The Reserve Bank of India (RBI) issued the Draft Reserve Bank of India (Commercial Banks – Governance) Amendment Directions, 2026 on April 8, 2026, aiming to optimize board efficacy by enabling focused deliberation on strategy and risk governance. In alignment with existing regulatory frameworks—such as the RBI Master Direction on Corporate Governance, Outsourcing and Branch Authorisation in Banks, RBI Guidelines on Board of Directors & Committees, RBI Risk Management & Internal Controls-which recognize and permit delegation of operational matters to committees and senior management, the proposed amendments reinforce this approach. This principle-based overhaul empowers commercial bank boards to delegate routine operational matters—such as standard approvals and ongoing monitoring—to specialized committees or executive management, thereby redirecting attention to critical areas like risk frameworks, policy parameters, and sustained organizational resilience in a dynamic economic landscape.
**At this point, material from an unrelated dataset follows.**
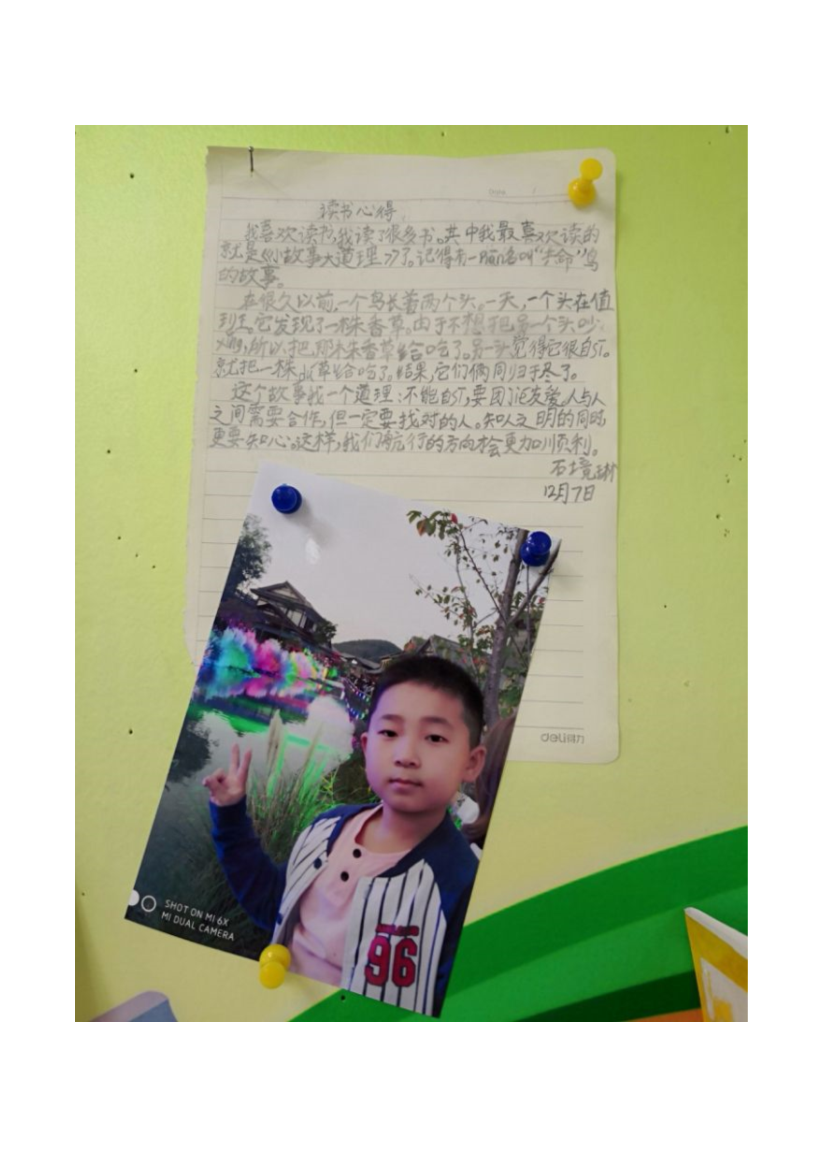 二2班第14周“读书小明星”——石镜琳同学

Although tailored for commercial banks, the framework’s principles closely align with governance framework applicable on NBFCs, strongly warranting RBI’s prompt issuance of parallel directions to enhance board efficiency and strategic focus for NBFCs. This shift would allow NBFC boards to allocate greater bandwidth to material strategic decisions, rather than routine approvals and oversight, while upholding non-negotiable board accountability. Delegated responsibilities would integrate structured reporting mechanisms and escalation protocols to maintain oversight integrity consistent with the principles articulated in the Reserve Bank – (Non-Banking Financial Company – Governance, Credit Facilities, and Managing Risk in Outsourcing et al.) Directions, 2025.
The chairperson’s role is further refined, emphasizing curation of streamlined, strategic agendas and assurance of precise information dissemination. Mandatory periodic reviews, at least annually, of delegation frameworks, meeting efficacy, and overall governance performance will cultivate a culture of continual enhancement. RBI’s intent is unequivocal: boards must transition from operational micromanagement to stewardship of long-term stability.
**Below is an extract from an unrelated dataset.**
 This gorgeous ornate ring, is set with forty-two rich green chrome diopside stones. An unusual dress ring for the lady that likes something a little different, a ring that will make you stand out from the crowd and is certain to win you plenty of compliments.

What Stays Board-Only vs. What Can Go
RBI establishes a clear demarcation between what can be delegated and what cannot, to ensure systemic robustness. Boards retain exclusive purview over core risk ecosystems, including approval of frameworks, strategies, and policies for credit, investment, information technology, operational, and liquidity risks; oversight of subsidiary exposures; major policy revisions; performance benchmarks; and foundational governance elements such as committee structures and meeting protocols. Ethical conduct and internal control mechanisms also demand direct board scrutiny.
Conversely, operational gears can shift like routine policy tweaks (below board-defined thresholds), standard approvals, review and monitoring can go to empowered committees or executives, with mandates for timely escalation and feedback. This isn’t laissez-faire-delegation, frameworks must be documented, reviewed yearly, and tied to clear escalation triggers, ensuring boards see the big picture without drowning in details.
Strategic Imperative for NBFCs
NBFCs should proactively align with this evolving paradigm through targeted measures: (i) revise board charters to ring-fence non-delegable domains like risk policies and related-party exposures; (ii) develop materiality matrices to delineate delegation boundaries; (iii) empower Risk Management and Audit Committees with enhanced mandates and reporting cadences; (iv) institute bi-annual governance audits encompassing delegation efficacy and agenda optimization; and (v) conduct simulation exercises to test streamlined board processes. This forward-looking adoption will transform regulatory compliance into a strategic advantage, fostering agility and resilience ahead of formal NBFC directions.
For NBFCs, it’s a call to evolve from compliance-driven to principle-led governance ahead of the curve.